広島の敗戦が決まる7時間前。甲子園で練習を見守った矢野監督も、残り3試合の必勝法を思い描いていた。「打って、ピシャッと抑えて勝ちたいのはあるけど、ある意味、うちらしく苦しみながらでも、1点をもぎ取って投手で守っていく試合ができたら」。泥臭く勝つ。総動員で勝つ。矢野流の全勝宣言だった。

秋空の下で特別な感情もわき上がる。16年間、生え抜きスターとして猛虎を支えた鳥谷が、今季限りでチームを去る。鳥谷と1日でも長く。ナインが抱くその感情は指揮官も同じだ。「やっぱりそういう思いも十分に含まれているというか、みんなそういう思いで戦っている。みんなそういう思いではある」。

05年には岡田監督のもと、ともにレギュラーとしてリーグ優勝を経験。
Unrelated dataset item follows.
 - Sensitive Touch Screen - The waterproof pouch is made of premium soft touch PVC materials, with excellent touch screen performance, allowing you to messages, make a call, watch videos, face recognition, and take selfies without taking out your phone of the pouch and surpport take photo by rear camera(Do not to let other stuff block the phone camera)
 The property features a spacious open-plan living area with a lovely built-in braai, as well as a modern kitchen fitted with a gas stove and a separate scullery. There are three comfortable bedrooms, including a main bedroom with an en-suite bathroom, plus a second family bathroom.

今季から監督と選手の関係になったが、阪神のユニホームで最多安打を積み上げた実力者が、チームのために身を粉にする姿を間近で見てきた。背番号1がタイガースを去る日は確実に近づいている。だがCS進出なら期間は延びる。さらに勝ち上がれば、日本シリーズで甲子園に立つ夢もふくらむ。
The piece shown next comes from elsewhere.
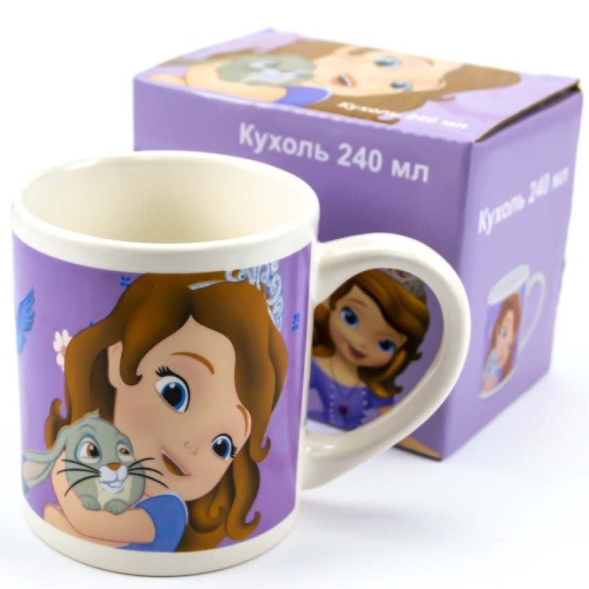 Чашка фарфорова дитяча "Принцеса Софія" 240 мл.Чашка із кераміки для гарячих та холодних напоїв. Чашка білого кольору із тематичним малюнком. Допускається миття в посудомийній машині та використання у мікрохвильовій печі. Подарункова упаковка в комплекті.

奇跡は難敵攻略から始まる。28日DeNA戦の相手先発は今季13勝左腕の今永。対戦3試合で1勝1敗、防御率1・96と苦しんでいる。だからこそ指揮官は力を込める。「より全員の力で戦っていかないと、今永も苦しめにくいだろうし、横浜に勝つのも簡単な部分ではなくなっていく。ピッチャーも野手も全員で、つなげてやっていく」。あと3試合。鳥谷とともにミラクルを起こす。【桝井聡】

▼阪神は自力でのCS進出の可能性が復活した。27日広島が敗れ、70勝70敗3分けの勝率5割で全日程終了。阪神は残り3試合に○○○なら69勝68敗6分けで5割4厘となり、広島を抜いて3位が決まる。なお阪神○○△のときは68勝68敗7分けで勝率5割となり、広島と同率に。この場合はセ・リーグの規定により勝利数の多い広島が3位、阪神は4位となる。